AMERICAN GREED PROVIDES THE public with financial education in a time when the public could use more of it. Ponzi King Bernie Madoff may be behind bars, but others like him are out there rehearsing their next PowerPoint presentation.

“Basically, what we’re hoping to do is to give investors pause,” says Schaeffer. “When you hear something that seems too good to be true, you really have to dig down and do the research. A lot of times these so-called secret deals are scams.”

According to an FBI report, throughout the 2011 fiscal year, the agency “secured $2.4 billion in restitution orders and $16.1 million in fines” from individuals found guilty of corporate fraud. As for securities and commodities fraud, the agency ordered $8.8 billion in restitution, $751 million in forfeitures, and $113 million in fines during the same time period. Cases related to health care fraud received a total of $1.2 billion in restitution and another billion in fines. (In 2007, the year American Greed made its debut, the National Health Care Anti-Fraud Association presented the show with an Excellence in Public Awareness Award.) By contrast, from January 1, 2011, to December 31, 2011, the FBI reported that individuals or groups of individuals stole a combined total of just over $38 million from commercial banks, credit unions, and other financial institutions.
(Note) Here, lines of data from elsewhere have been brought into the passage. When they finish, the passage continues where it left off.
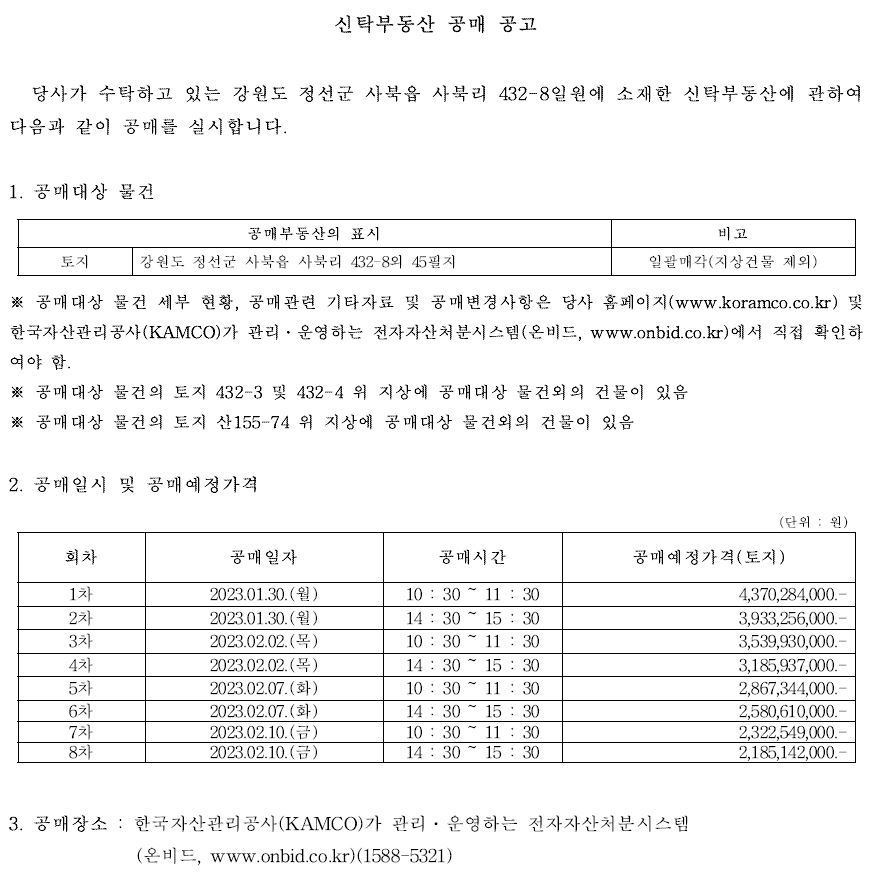 - 공매공고 및 입찰참가자 준수규칙 등을 한국자산관리공사(KAMCO)가 관리ㆍ운영하는 전자자산처분시스템(온비드, www.onbid.co.kr)에서 반드시 확인하여 주시기 바랍니다.
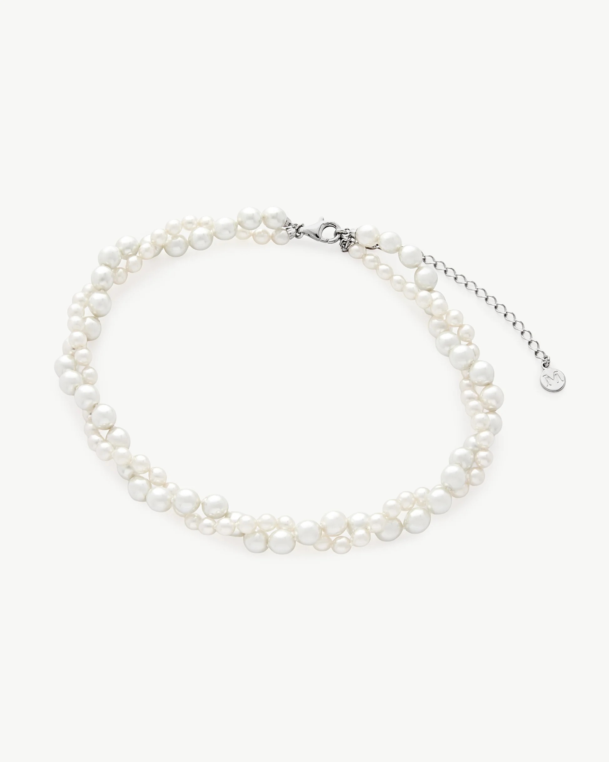 Gargantilla de perlas de dos vías de 32 cm de largo. Diseño elegante y versátil que se adapta a diferentes estilos y ocasiones. Creado con perlas artesanales redondas blancas de 4 y 6mm enfiladas y anudadas a mano.
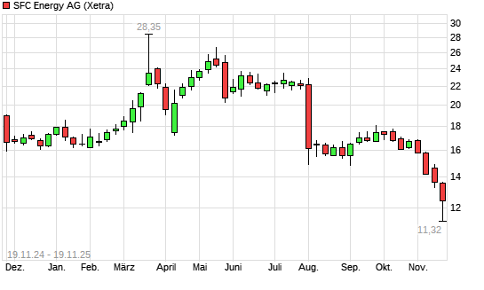 Mit dem Rücksetzer auf 12,08 EUR hat die SFC Energy-Aktie (ISIN DE0007568578) am 18.11.2025 ein neues 5-Jahres-Tief erreicht und damit den Kurs vom 17.11.2025 eingestellt.
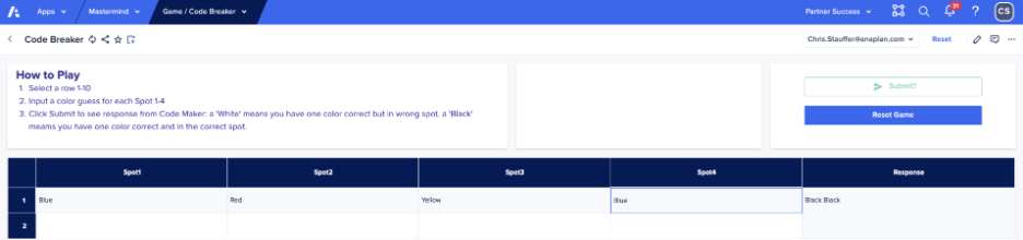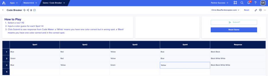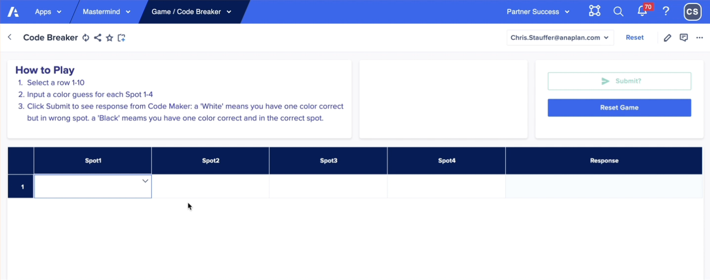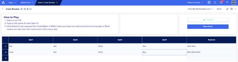 You have to be a little lucky to break the code on the fourth guess, but hopefully by now you get the idea of how the game works in Anaplan.
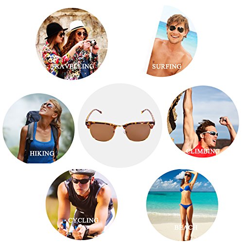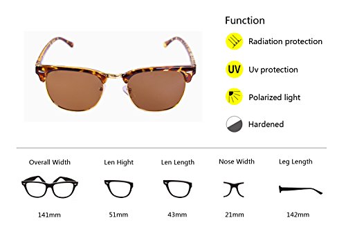 This retro clubmaster style polarized are made of high quality material and it is comfortable to wear this lightweight sunglassses to protect your eyes by blocking 100% harmful UVA and UVB rays.
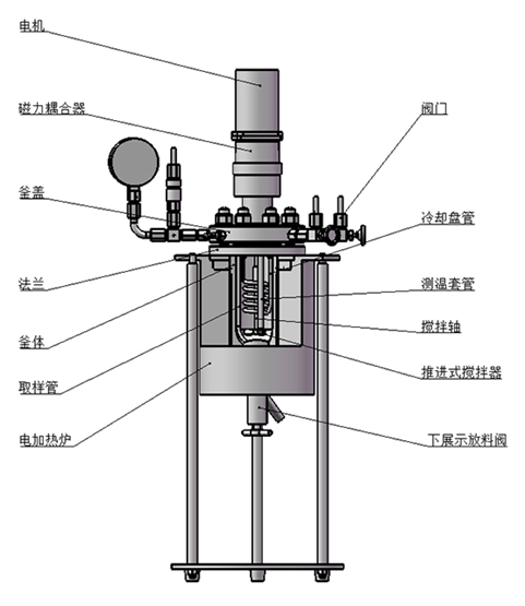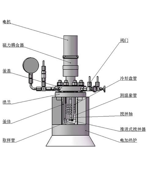 該結(jié)構(gòu)為端面磁力密封裝置,依靠兩塊強力磁鋼異極相吸的原理通過磁場穿透密封罩體來實現(xiàn)力矩的無接觸式傳遞,由于電機直接帶動攪拌器,故而其攪拌特點是低轉(zhuǎn)矩高轉(zhuǎn)速(≤1500r/min),適合攪拌低粘度(cp≤2000mpa.s)或固體顆粒物含量較少的反應(yīng)物料介質(zhì)體系。
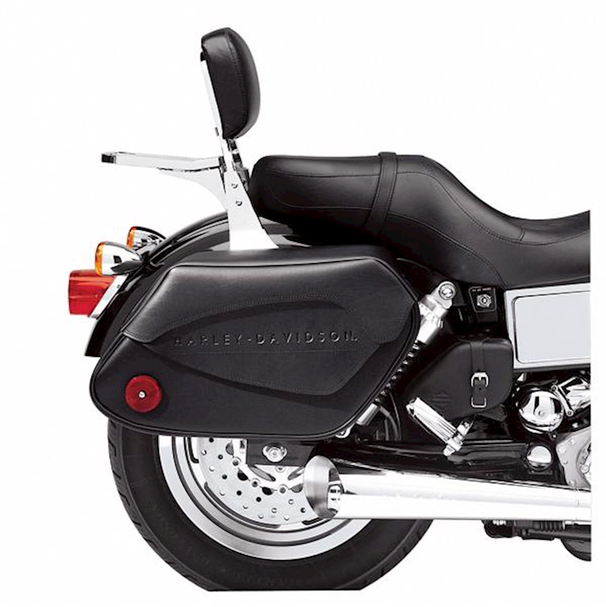 Kit moves turn signals from rear fender struts to a license bracket-mounted turn signal bar. Required to install Saddlebags P/N 91615-09A, 88200-09A, 90181-08A, 90460-06B, 79300-06A, 90564-06B, 90369-06C and 88343-10. Fits '02-later Dyna models (except FXDWG, FXDF and '09-later FXDB) and '04-later XL models (except XL883N, XL1200N, XL1200X and '11-later XL1200C). Does not fit with Layback License Plate Mounting Kits.
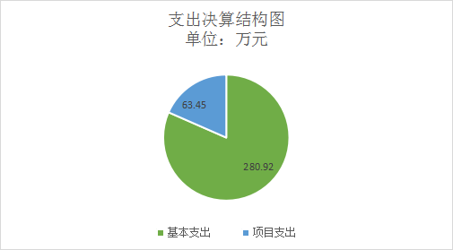 2024年本年支出合计344.37万元,其中:基本支出280.92万元,占81.58%;项目支出63.45万元,占18.42%;上缴上级支出0万元,占0%;经营支出0万元,占0%;对附属单位补助支出0万元,占0%。(图3:支出决算结构图)
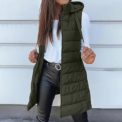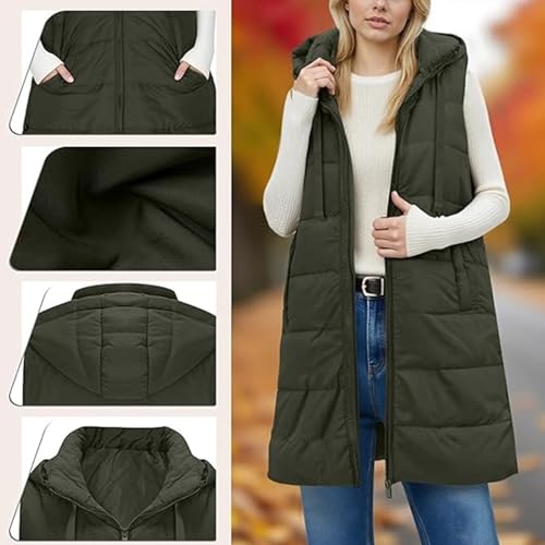 HOT ! Expturelmp Women Long Puffer Vest 2025 Winter Warm Quilted Sleeveless Vests Puffy Zip up Fall Coat Outerwear
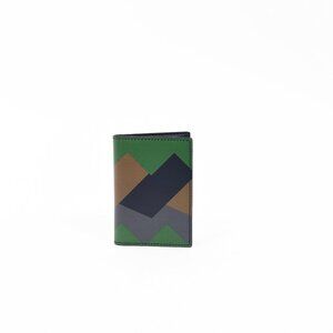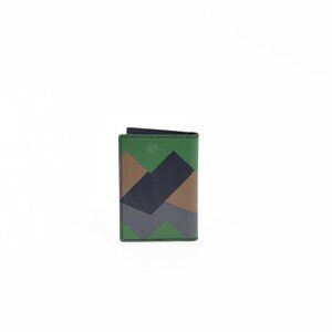 This Salvatore Ferragamo bi-fold card holder features a bold geometric colorblock pattern in green, brown, and black tones. Crafted in smooth calf leather, the wallet includes one interior card slot and an ID window, offering compact yet functional storage. This piece is in brand new condition and comes with its original box.
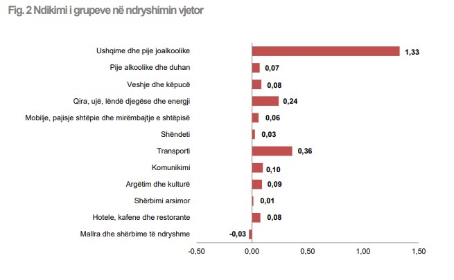 Ndikimi i grupeve kryesore në ndryshimin vjetor të indeksit të çmimeve të konsumit.
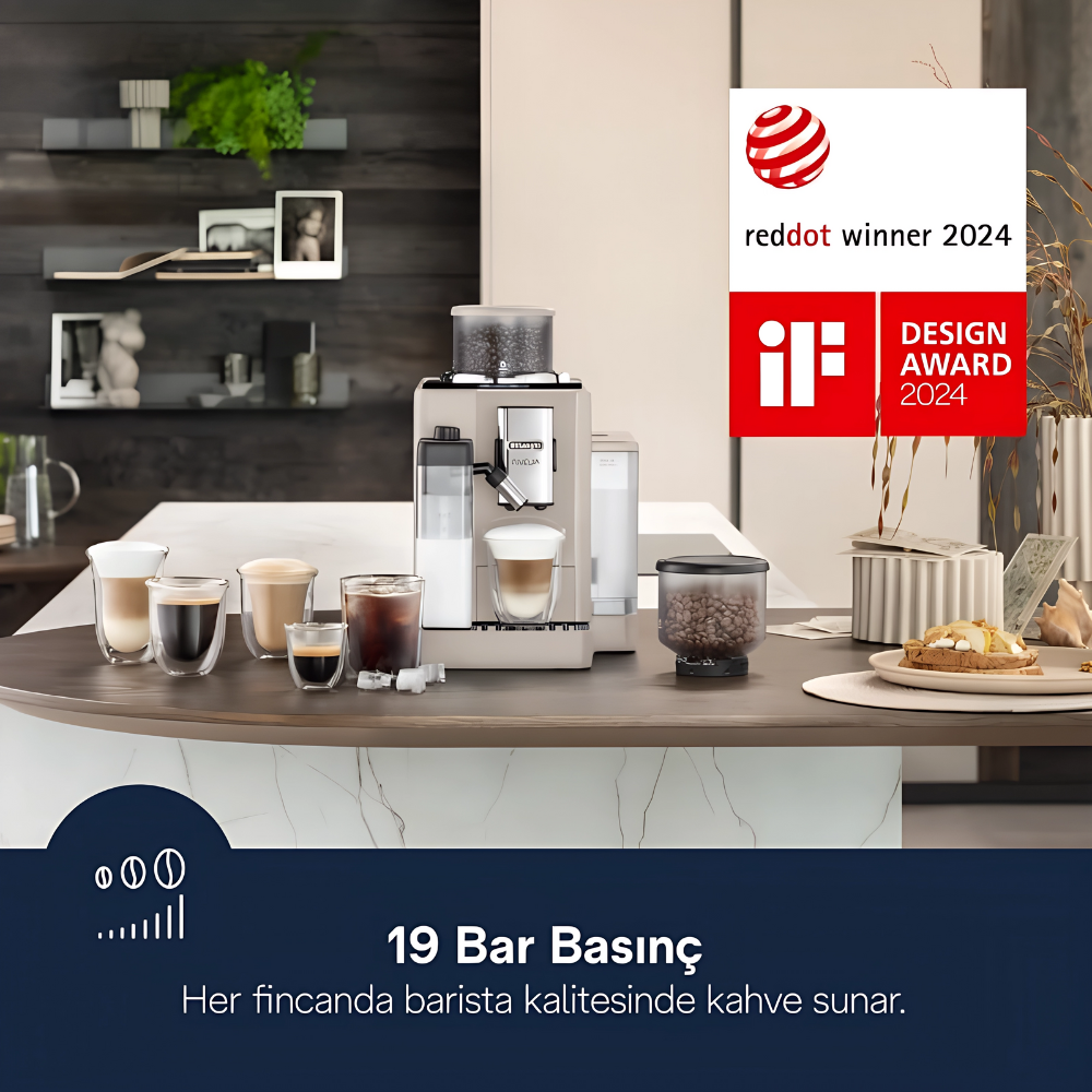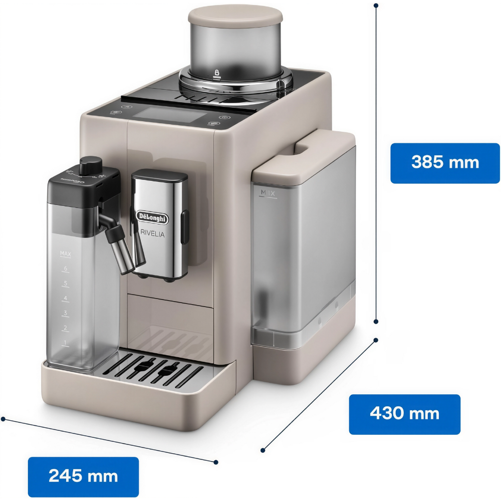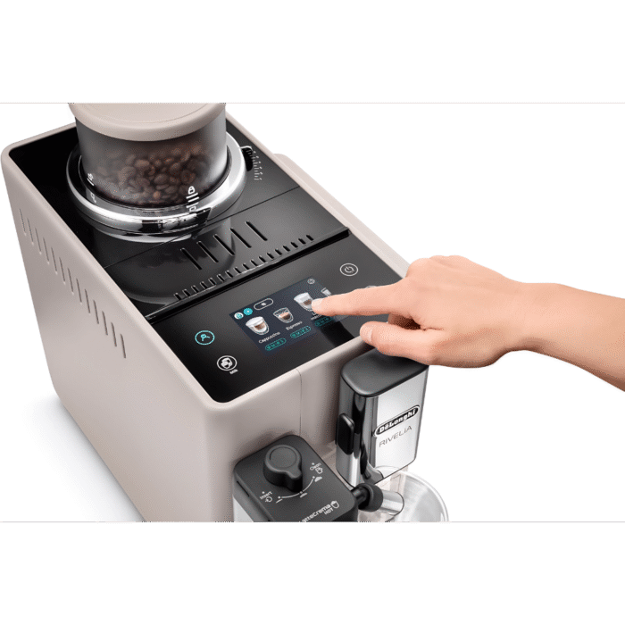 تقدّم De’Longhi Rivelia EXAM440.55.BG تجربة قهوة متكاملة من الحبوب إلى الكوب مع ١٦ وصفة بلمسة واحدة عبر شاشة لمس ملوّنة ٣٫٥”. يوفر نظام LatteCrema Hot رغوة حليب ساخنة كثيفة مع تنظيف تلقائي، بينما تسمح تقنية Bean Switch بتبديل نوع البن بسهولة، وتقوم Bean Adapt بضبط الطحن والجرعة ودرجة الحرارة حسب نوع الحبوب. تعمل بقدرة ١٤٥٠ وات وبمضخة ١٩ بار مع خزان ماء ١٫٤ لتر وتصميم صغير يناسب المطابخ الحديثة. يشمل ضماناً دولياً.

Most of these robberies occurred with a note passed across a teller’s counter.

A 2011 FBI report even suggests changing dynamics in organized crime: “Gangs are also engaging in white-collar crime such as counterfeiting, identity theft, and mortgage fraud, primarily due to the high profitability and much lower visibility and risk of detection and punishment than drug and weapons trafficking.”

Spotting the difference between a legitimate opportunity to grow your savings and a fraudulent one can be difficult. The investing world, of course, is laden with obscure language meant to keep those in power … in power. Then again, even experts at the top of the economic profession thought things were looking just fine moments before the sub-prime mortgage crisis proved otherwise.

American Greed doesn’t have a huge audience. It’s decent, but not Bill O’Reilly-huge. This is partially because CNBC is a niche channel with its own unique ratings challenges, and partially because the idea of watching a show about people in offices forging financial statements might not sound too appealing. But it is. And it’s important to understand how and why it happens. Lots of people were both delighted and disgusted by the lavish spending, over-the-top parties, and charismatic scoundrels in Scorsese’s Wolf of Wall Street, weren’t they? Well, American Greed is kind of like that, just with a smaller budget and a penchant for the occasional bad pun.